→ **WHAT THE TASK REQUIRES**: Starting at the line that contains "The basic feature", retype each line to the end of the listing below. Include both ends, but not the pictures.

→ **RAW DATA**:

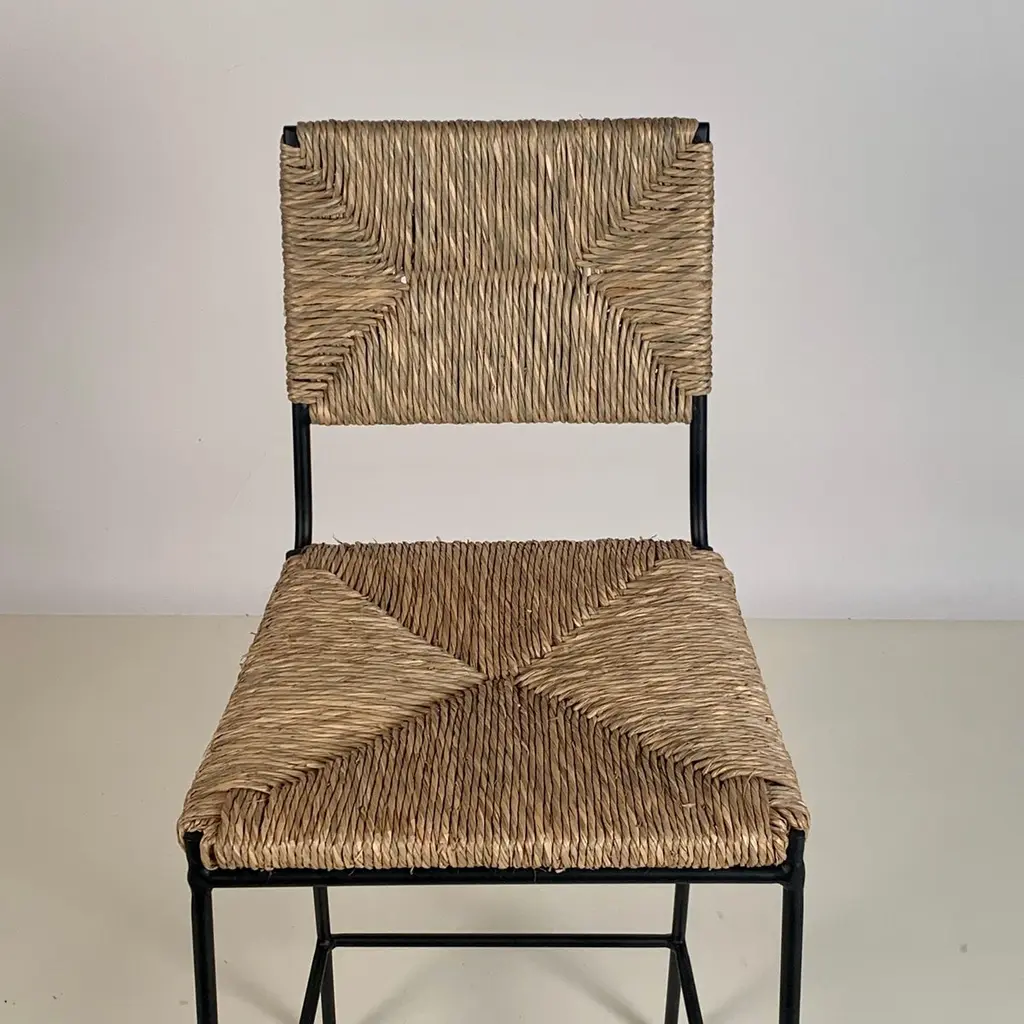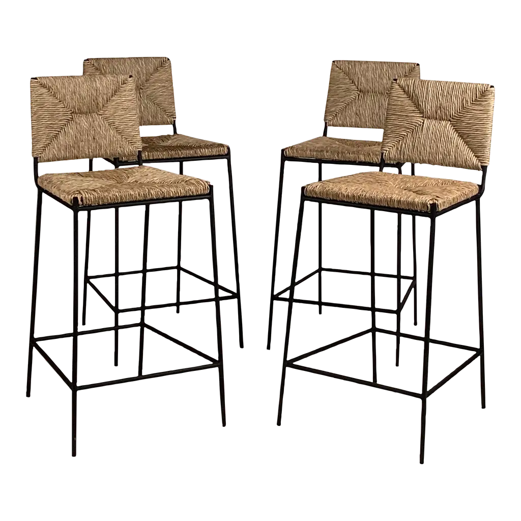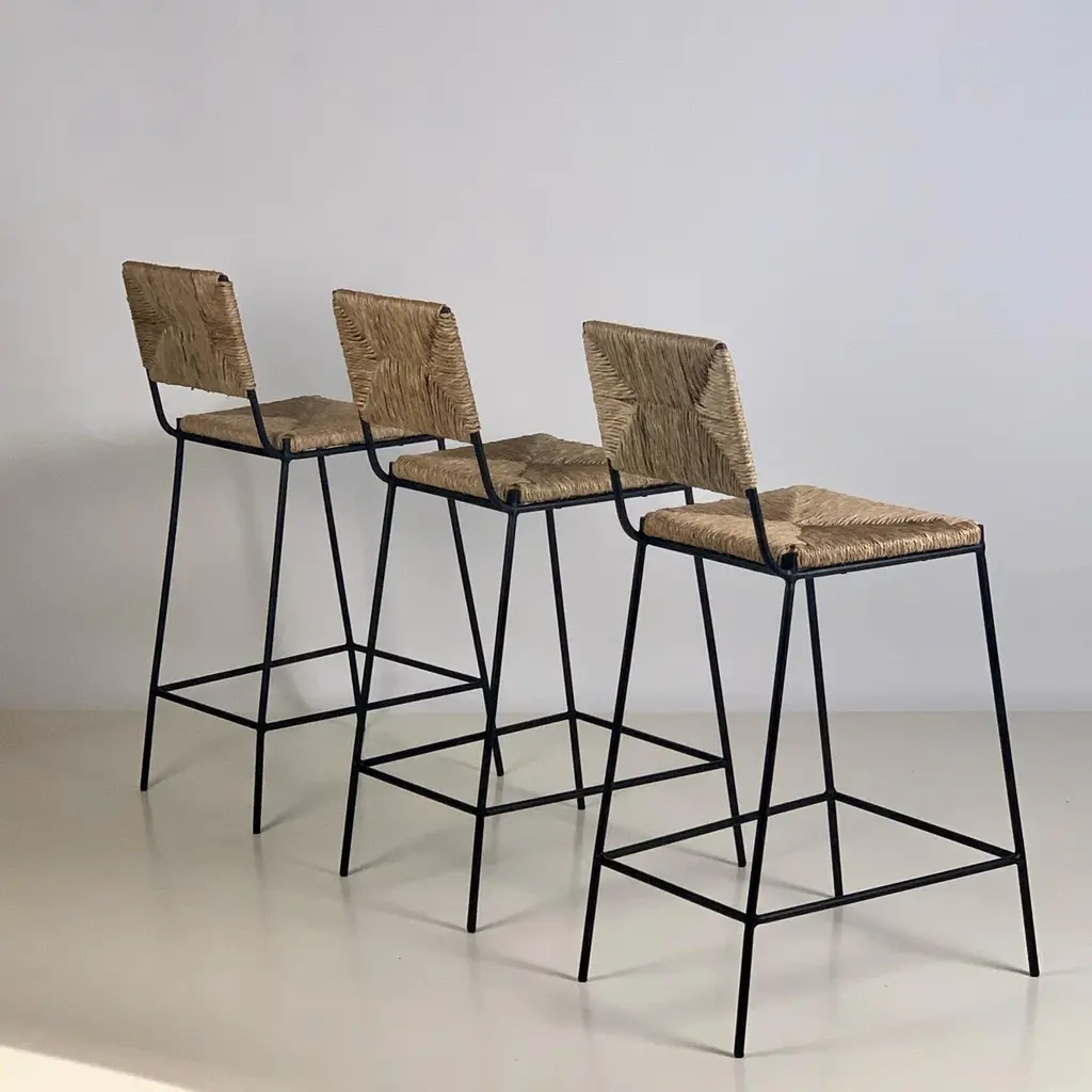 Set of 5 'Campagne' counter height stools by Design Frères.Chic combination of slender but sturdy and stabile powder-coated steel frames with handwoven rush seats and backs. Extra support under the rush seat for durability. Durable plastic caps on the feet to prevent scratching floor surfaces.Additional measurements: 26 in. seat height (can be adjusted to 25 in. or 24 in. if needed). The footrest bar is a standard 7 in. from the floor.
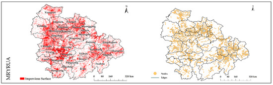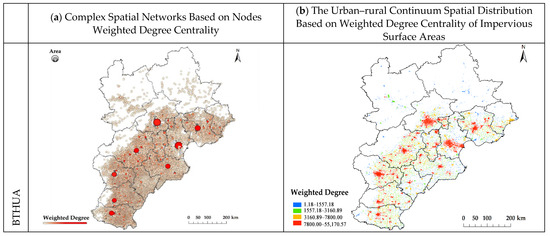 The basic feature of an urban agglomeration network is different spatial links that are aggregated to form different spatial patterns. Based on complex spatial network models and indicators, spatial links can be quickly extracted to identify spatial patterns. To extract the urban agglomerations multi-centers and urban–rural continuums, the spatial proximity is used as the edge weights to firstly obtain the node’s weighted degree centrality in this study. Second, the complex spatial network-based node weighted degree centrality is constructed (Figure 6a), and the Natural Breaks (Jenks) method is used to grade the color to obtain the multi-centers, which are represented by big red nodes. Last, the urban–rural continuum spatial distribution map based on the weighted degree centrality of impervious surface areas (Figure 6b) is constructed, and the Natural Breaks (Jenks) method is used to grade the color to obtain the urban–rural continuum. The red impervious surface areas represent the multi-centers of the urban agglomerations, orange impervious surface areas represent the city–town area, green represents semi-dense areas, and blue represents rural areas. The red and orange impervious surface areas are collectively referred to as urban areas in this study.
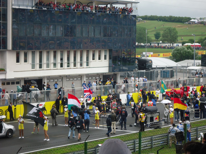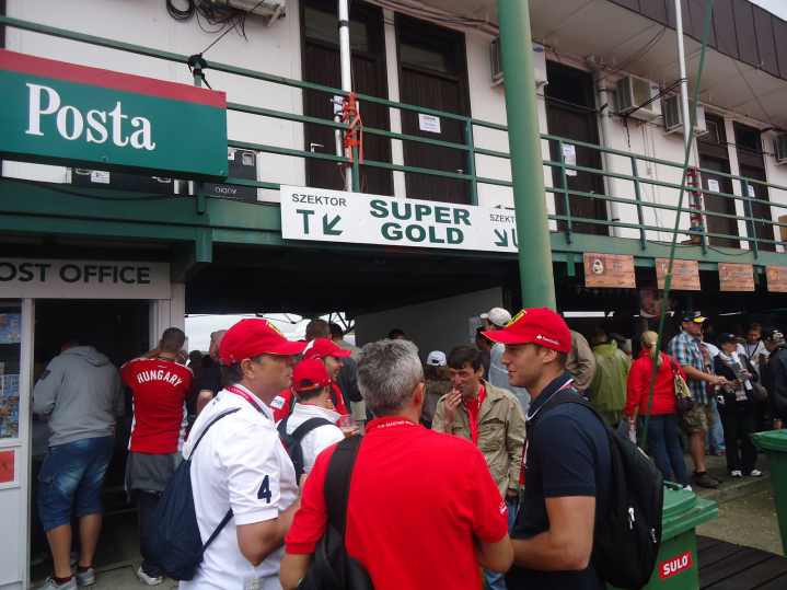 Πίσω από τις κερκίδες υπήρχαν τα κλασσικά περίπτερα που πουλούσαν είδη για F1 αλλά και αυτά που πουλούσαν γρήγορο φαγητό. Μπορεί να υπήρχε η ένδειξη “Greek Gyros”, αλλά όσοι το δοκίμασαν είπαν «μακριά». Μπήκα στην κερκίδα και περίμενα να ακούσω τα μονοθέσια να βάζουν μπρος τις μηχανές τους, όπως και έγινε. Ο καιρός ήταν περίεργος για τέλος Ιουλίου. Δροσερός και βροχερός. Ευτυχώς όμως δεν είχαμε εκκίνηση πίσω από αυτοκίνητο ασφαλείας. Από τα αξιοσημείωτα που δεν βλέπει κάποιος από την τηλεόραση είναι ο αγώνας δρόμου που κάνουν οι μηχανικοί για να επιστρέψουν από την πίστα στα γκαράζ. Όταν τα μονοθέσια φεύγουν για τον γύρο σχηματισμού, οι μηχανικοί πρέπει να γυρίσουν πίσω στα γκαράζ.

→ **ANSWER FOR THE TASK**:
 The basic feature of an urban agglomeration network is different spatial links that are aggregated to form different spatial patterns. Based on complex spatial network models and indicators, spatial links can be quickly extracted to identify spatial patterns. To extract the urban agglomerations multi-centers and urban–rural continuums, the spatial proximity is used as the edge weights to firstly obtain the node’s weighted degree centrality in this study. Second, the complex spatial network-based node weighted degree centrality is constructed (Figure 6a), and the Natural Breaks (Jenks) method is used to grade the color to obtain the multi-centers, which are represented by big red nodes. Last, the urban–rural continuum spatial distribution map based on the weighted degree centrality of impervious surface areas (Figure 6b) is constructed, and the Natural Breaks (Jenks) method is used to grade the color to obtain the urban–rural continuum. The red impervious surface areas represent the multi-centers of the urban agglomerations, orange impervious surface areas represent the city–town area, green represents semi-dense areas, and blue represents rural areas. The red and orange impervious surface areas are collectively referred to as urban areas in this study.
 Πίσω από τις κερκίδες υπήρχαν τα κλασσικά περίπτερα που πουλούσαν είδη για F1 αλλά και αυτά που πουλούσαν γρήγορο φαγητό. Μπορεί να υπήρχε η ένδειξη “Greek Gyros”, αλλά όσοι το δοκίμασαν είπαν «μακριά». Μπήκα στην κερκίδα και περίμενα να ακούσω τα μονοθέσια να βάζουν μπρος τις μηχανές τους, όπως και έγινε. Ο καιρός ήταν περίεργος για τέλος Ιουλίου. Δροσερός και βροχερός. Ευτυχώς όμως δεν είχαμε εκκίνηση πίσω από αυτοκίνητο ασφαλείας. Από τα αξιοσημείωτα που δεν βλέπει κάποιος από την τηλεόραση είναι ο αγώνας δρόμου που κάνουν οι μηχανικοί για να επιστρέψουν από την πίστα στα γκαράζ. Όταν τα μονοθέσια φεύγουν για τον γύρο σχηματισμού, οι μηχανικοί πρέπει να γυρίσουν πίσω στα γκαράζ.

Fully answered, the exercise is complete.